#### Learning Objective

- Calculate the mass of reactants and products from a balanced chemical equation and information about the amount of reactant(s) present.

#### Key Points

- The law of conservation of mass dictates that the quantity of an element does not change over the course of the reaction. Therefore, a chemical equation is balanced when each element has equal numbers on both the left and right sides of the equation.
- Stoichiometric ratios, the ratios of the amounts of each substance used, are unique for each chemical reaction.
- The balanced equation of a reaction contains the stoichiometric ratios of the reactants and products; these ratios can be used for mole-to-mole conversions. There is no direct way to convert from the mass of one substance to the mass of another.
- To convert from one mass (substance A) to another mass (substance B), you must convert the mass of A first to moles, then use the mole-to-mole conversion factor (B/A), then convert the mole amount of B back to grams of B.

#### Term

- stoichiometric ratioThe quantitative ratio between the reactants and products of a specific reaction or chemical equation. The ratio is made up of their coefficients from the balanced equation.

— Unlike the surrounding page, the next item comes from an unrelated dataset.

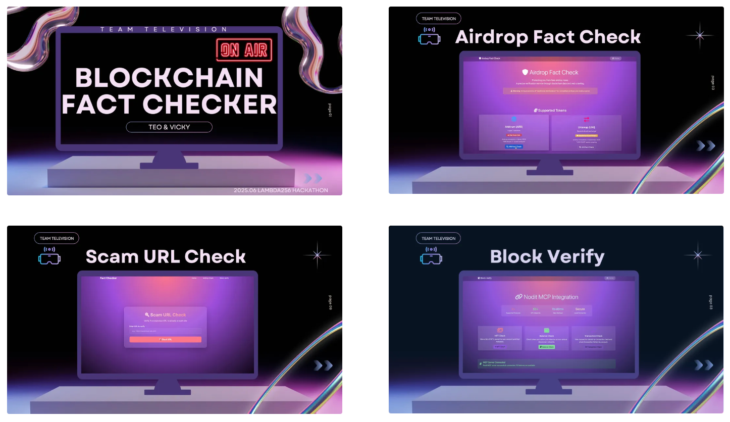 Television was built to help users stay safe. The project offers a scam-checking and airdrop fact-checking tool that validates website URLs against official sources. By leveraging Puppeteer MCP through Gemini, users are able to verify suspicious links and compare them directly with trusted originals which helping reduce the risk of phishing or fake airdrops.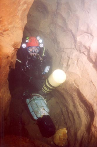 | En descendant au sol, à –7, juste en amont de la grande cloche, la galerie se pince subitement. Une espèce de laminoir étroit et irrégulier, amorcé derrière une lame, bien que ponctuel, impose la configuration latérale pour des volumes supérieurs à 9 litres. On se délivre du réduit à –2, sous le miroir d'une minuscule poche d'air, sans communication avec la précédente. On plonge alors à –11 dans une opulente salle inclinée, avant de remonter à –6 dans une galerie plus intime. Au retour, on pourra effecteur ses paliers ici. |

A chemical equation is a visual representation of a chemical reaction. A typical chemical equation follows the form

[latex]aA +bB \rightarrow cC +dD[/latex]

where an arrow separates the reactants on the left and the products on the right. The coefficients before the reactants and products are their stoichiometric values.

## Calculating the Mass of Reactants & Products

One may need to compute the mass of a reactant or product under certain reaction conditions. To do this, it is necessary to ensure that the reaction is balanced. The ratio of the coefficients of two of the compounds in a reaction (reactant or product) can be viewed as a conversion factor and can be used to facilitate mole-to-mole conversions within the reaction. It is not possible to directly convert from the mass of one element to the mass of another. Therefore, for a mass-to-mass conversion, it is necessary to first convert one amount to moles, then use the conversion factor to find moles of the other substance, and then convert the molar value of interest back to mass.

## Example

This can be illustrated by the following example, which calculates the mass of oxygen needed to burn 54.0 grams of butane (C_{4}H_{10}). The balanced equation is:

[latex]2C_{4}H_{10} + 13O_{2} \rightarrow 8CO_{2}+10H_{2}O[/latex]

Because there is no direct way to compare the mass of butane to the mass of oxygen, the mass of butane must be converted to moles of butane:

[latex]54.0\ g \ C_4H_{10} \cdot \frac{1mol}{58.1 g} = 0.929\ mol \ C_4H_{10}[/latex]

With the number of moles of butane equal to 54 grams, it is possible to find the moles of O_{2} that can react with it. Taking coefficients from the reaction equation (13 O_{2} and 2 C_{4}H_{10}), the molar ratio of O_{2} to C_{4}H_{10} is 13:2.

[latex]0.929 \ mol \ C_4H_{10} \cdot \frac {13 \ mol \ O_2}{2\ mol \ C_4H_{10}} = 6.05\ mol \ O_2[/latex]

This last equation shows that 6.05 moles of O_{2} can react with 0.929 moles of C_{4}H_{10}. The molar amount of O_{2} can now be easily converted back to grams of oxygen:

[latex]6.05 \ mol \cdot \frac{32\ g}{1 mol} = 193 \ g \ O_2[/latex]

In summary, it was impossible to directly determine the mass of oxygen that could react with 54.0 grams of butane. But by converting the butane mass to moles (0.929 moles) and using the molar ratio (13 moles oxygen : 2 moles butane), one can find the molar amount of oxygen (6.05 moles) that reacts with 54.0 grams of butane. Using the molar amount of oxygen, it is then possible to find the mass of the oxygen (193 g).